• [TASK ITEM]: Omit all pictures, then retype exactly the lines from the one that contains "Add a touch" through the end of the listing.

• [EXERCISE MATERIAL]:
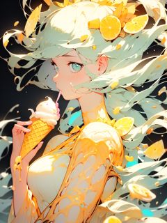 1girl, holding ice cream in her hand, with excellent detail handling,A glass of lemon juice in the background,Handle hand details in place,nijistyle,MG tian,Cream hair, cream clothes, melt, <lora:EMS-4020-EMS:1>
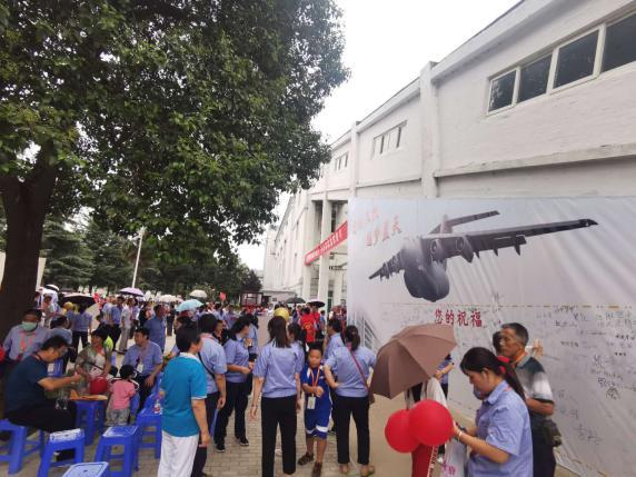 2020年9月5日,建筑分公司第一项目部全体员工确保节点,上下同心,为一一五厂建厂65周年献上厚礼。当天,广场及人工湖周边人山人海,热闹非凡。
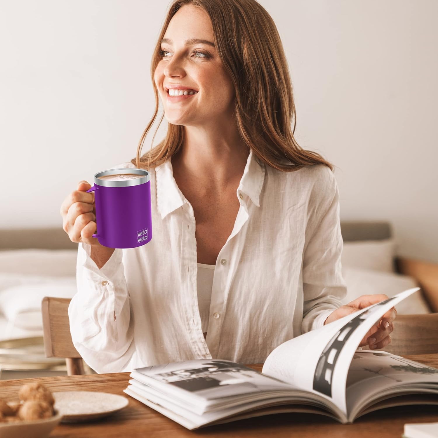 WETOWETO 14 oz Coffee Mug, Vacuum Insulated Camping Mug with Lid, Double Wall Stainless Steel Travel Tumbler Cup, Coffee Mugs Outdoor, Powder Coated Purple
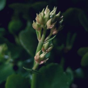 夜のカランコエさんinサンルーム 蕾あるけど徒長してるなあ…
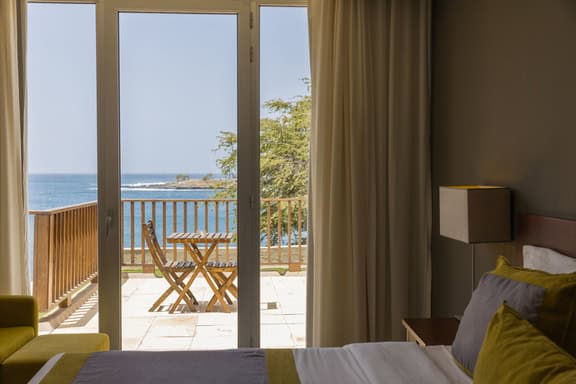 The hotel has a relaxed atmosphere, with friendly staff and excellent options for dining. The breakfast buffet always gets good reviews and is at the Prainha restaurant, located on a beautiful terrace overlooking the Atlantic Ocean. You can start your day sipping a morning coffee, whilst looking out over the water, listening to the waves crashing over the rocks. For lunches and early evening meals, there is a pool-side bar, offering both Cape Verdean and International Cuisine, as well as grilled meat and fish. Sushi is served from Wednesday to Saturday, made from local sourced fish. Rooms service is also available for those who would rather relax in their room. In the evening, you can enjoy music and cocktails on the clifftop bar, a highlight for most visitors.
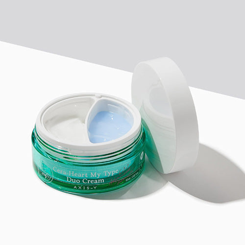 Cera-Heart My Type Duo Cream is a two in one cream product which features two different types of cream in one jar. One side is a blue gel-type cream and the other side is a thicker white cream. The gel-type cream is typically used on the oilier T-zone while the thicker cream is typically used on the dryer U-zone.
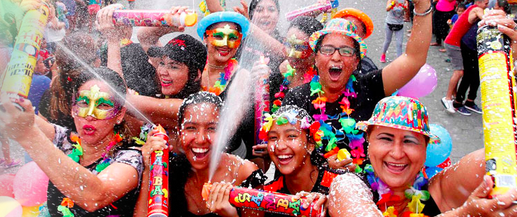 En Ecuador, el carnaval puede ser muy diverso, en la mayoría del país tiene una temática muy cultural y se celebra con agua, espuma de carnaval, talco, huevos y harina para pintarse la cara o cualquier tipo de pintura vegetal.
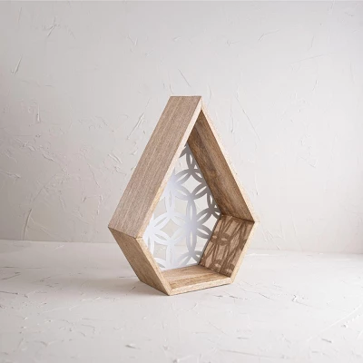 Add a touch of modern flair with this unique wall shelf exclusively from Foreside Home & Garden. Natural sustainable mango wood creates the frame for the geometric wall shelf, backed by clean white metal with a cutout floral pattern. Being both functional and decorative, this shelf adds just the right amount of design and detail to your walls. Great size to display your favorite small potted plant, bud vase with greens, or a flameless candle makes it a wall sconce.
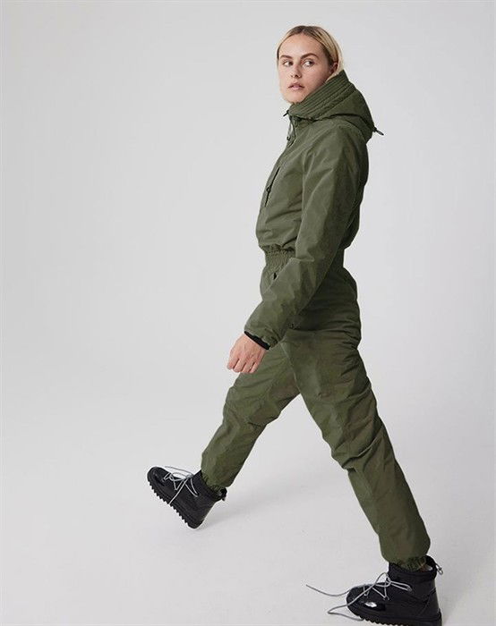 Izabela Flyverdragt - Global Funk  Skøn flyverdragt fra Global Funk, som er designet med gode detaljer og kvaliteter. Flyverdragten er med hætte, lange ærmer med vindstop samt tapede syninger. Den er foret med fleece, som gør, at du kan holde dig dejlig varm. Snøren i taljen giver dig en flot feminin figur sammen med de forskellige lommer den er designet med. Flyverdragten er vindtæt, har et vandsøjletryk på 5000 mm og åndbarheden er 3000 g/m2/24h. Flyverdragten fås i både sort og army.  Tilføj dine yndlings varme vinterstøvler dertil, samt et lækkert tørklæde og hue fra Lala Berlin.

• [SOLUTION TO THIS EXERCISE]:
 Add a touch of modern flair with this unique wall shelf exclusively from Foreside Home & Garden. Natural sustainable mango wood creates the frame for the geometric wall shelf, backed by clean white metal with a cutout floral pattern. Being both functional and decorative, this shelf adds just the right amount of design and detail to your walls. Great size to display your favorite small potted plant, bud vase with greens, or a flameless candle makes it a wall sconce.
 Izabela Flyverdragt - Global Funk  Skøn flyverdragt fra Global Funk, som er designet med gode detaljer og kvaliteter. Flyverdragten er med hætte, lange ærmer med vindstop samt tapede syninger. Den er foret med fleece, som gør, at du kan holde dig dejlig varm. Snøren i taljen giver dig en flot feminin figur sammen med de forskellige lommer den er designet med. Flyverdragten er vindtæt, har et vandsøjletryk på 5000 mm og åndbarheden er 3000 g/m2/24h. Flyverdragten fås i både sort og army.  Tilføj dine yndlings varme vinterstøvler dertil, samt et lækkert tørklæde og hue fra Lala Berlin.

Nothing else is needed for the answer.